Abstract
Background: Neuropsychiatric symptoms in Huntington’s disease (HD) are often
evident prior to clinical diagnosis. Apathy is highly correlated with disease progression,
while depression and irritability occur at different stages of the disease, both before
and after clinical onset. Little is understood about the neural bases of these
neuropsychiatric symptoms and to what extent those neural bases are analogous to
neuropsychiatric disorders in the general population.
Objective: We used Diffusion Tensor Imaging (DTI) to investigate structural
connectivity between brain regions and any putative microstructural changes associated
with depression, apathy and irritability in HD.
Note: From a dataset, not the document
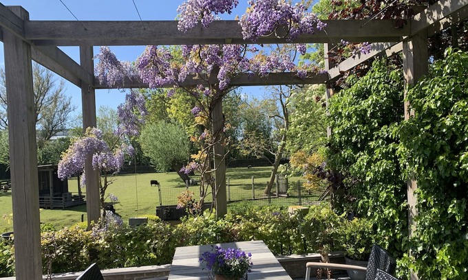 The Dutch Farmhouse features a cozy country kitchen equipped with modern conveniences, offering not just stunning views but also the chance to showcase your culinary skills. Enjoy your creations at the long dining table or be tempted by a meal on the adjacent terrace, surrounded by expansive views. The farmhouse is divided into two parts, and you'll be staying in the main residence.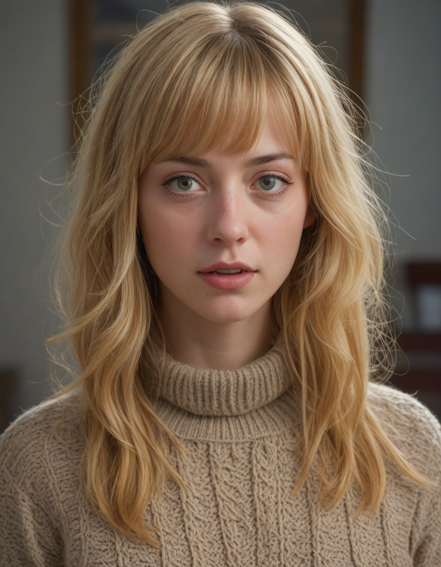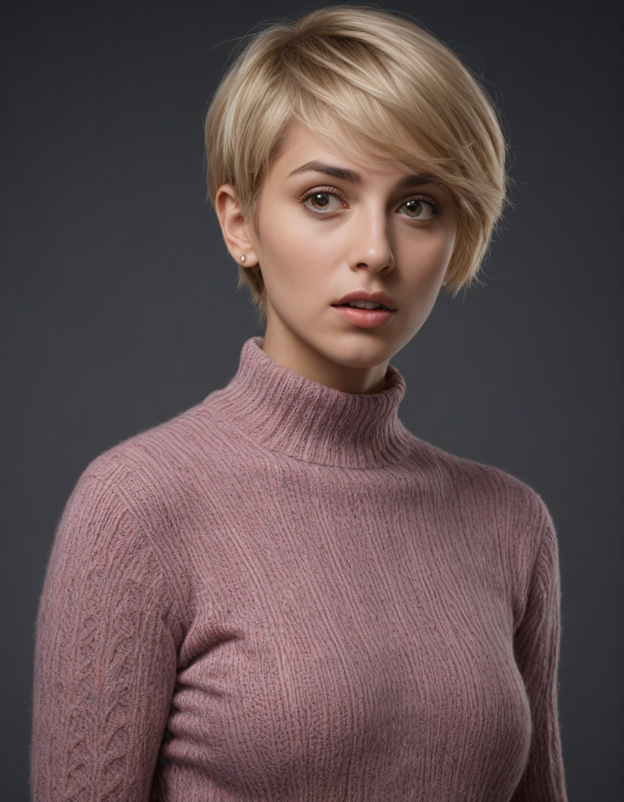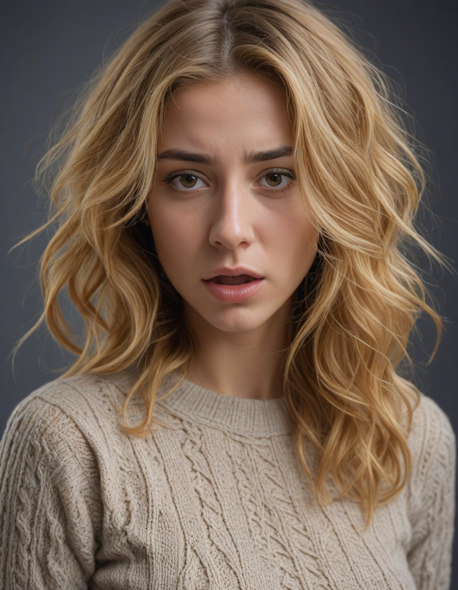 Gaudy sweater, secretly in love, apprehensive flinching, photorealistic portrait, gasping, boisterous enthusiasm, mad

Methods: DTI data were collected from 39 premanifest and 45 early-HD
participants in the Track-HD study and analysed using whole-brain Tract-Based Spatial
Statistics. We used regression analyses to identify white matter tracts whose structural
integrity (as measured by fractional anisotropy, FA) was correlated with HADS-depression,
PBA-apathy or PBA-irritability scores in gene-carriers and related to cumulative
probability to onset (CPO).
Results: For those with the highest CPO, we found significant correlations
between depression scores and reduced FA in the splenium of the corpus callosum. In
contrast, those with lowest CPO demonstrated significant correlations between irritability
scores and widespread FA reductions. There was no significant relationship between apathy
and FA throughout the whole brain.
Conclusions: We demonstrate that white matter changes associated with both
depression and irritability in HD occur at different stages of disease progression
concomitant with their clinical presentation.